Using trademarks to protect your personal brand in the age of AI: A Legal Guide for Non-Lawyers

Influencer brands today scale at a speed the legal system was never designed to match. A phrase, a handle, or a concept can become commercially valuable within weeks, but trademark protection does not happen automatically. The gap between growth and protection is where most legal problems arise.

By

Lívia Moraes

In just the past year, we’ve seen a surge of public disputes over AI-generated content that mimics real people.

  • Scarlett Johansson objected when a chatbot voice released by OpenAI sounded similar to her own.

  • Taylor Swift was targeted by sexually explicit AI-generated images circulating on X.

  • Matthew McConaughey applied to register aspects of his voice and image as trademarks to prevent AI misuse.

If globally well-known figures struggle to control AI imitations, what does that mean for smaller content creators?

The real risk for small influencers

For major celebrities, AI misuse is reputational. For small influencers, it is often financial.

Most creators build brands organically. A video goes viral. An audience grows. A handle becomes recognisable. Revenue follows through sponsorships, memberships, or merchandise. What often does not follow is formal legal protection.

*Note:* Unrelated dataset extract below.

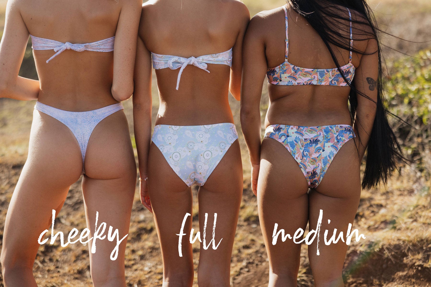 Meet our Banyans bottom in our Paze print! This style features two prints. The outside features our Paze print, while the inside features our Nahesa print, a beautiful taupe brown snake skin. This is the perfect classic adjustable side tie bottom offered in two coverage options- cheeky and medium.

The reason is usually a mix of three things: lack of awareness, timing, and cost sensitivity. Early on, revenue is unpredictable, and legal advice feels expensive. But the problem is that if you don’t secure trademark registration for your business identity early, someone else might do it instead.

This is what happened in the case of Jools LeBron. When her “very demure,very mindful” video went viral on TikTok, the phrase became strongly associated with her almost overnight. With that, her audience grew to over 2 million followers. Within weeks, however, another individual filed a trademark application for “VERY DEMURE . . VERY MINDFUL . .” in connection with advertising and marketing services.

When a phrase, brand name, or slogan becomes popular, it stops being just content. It becomes a commercial identifier. It can sit on merchandise. It can anchor sponsorship campaigns. It can form the basis of licensing deals. But if that identifier is not protected, it becomes vulnerable the moment it proves valuable.

The core function of trademarks in an AI economy

Trademark law is not about creativity. It is about commercial origin.

When someone sees your brand name, logo, podcast title, or course name, they are not just seeing words. They are seeing a signal: this comes from a particular source. Trademark law protects that signal because consumer trust depends on it.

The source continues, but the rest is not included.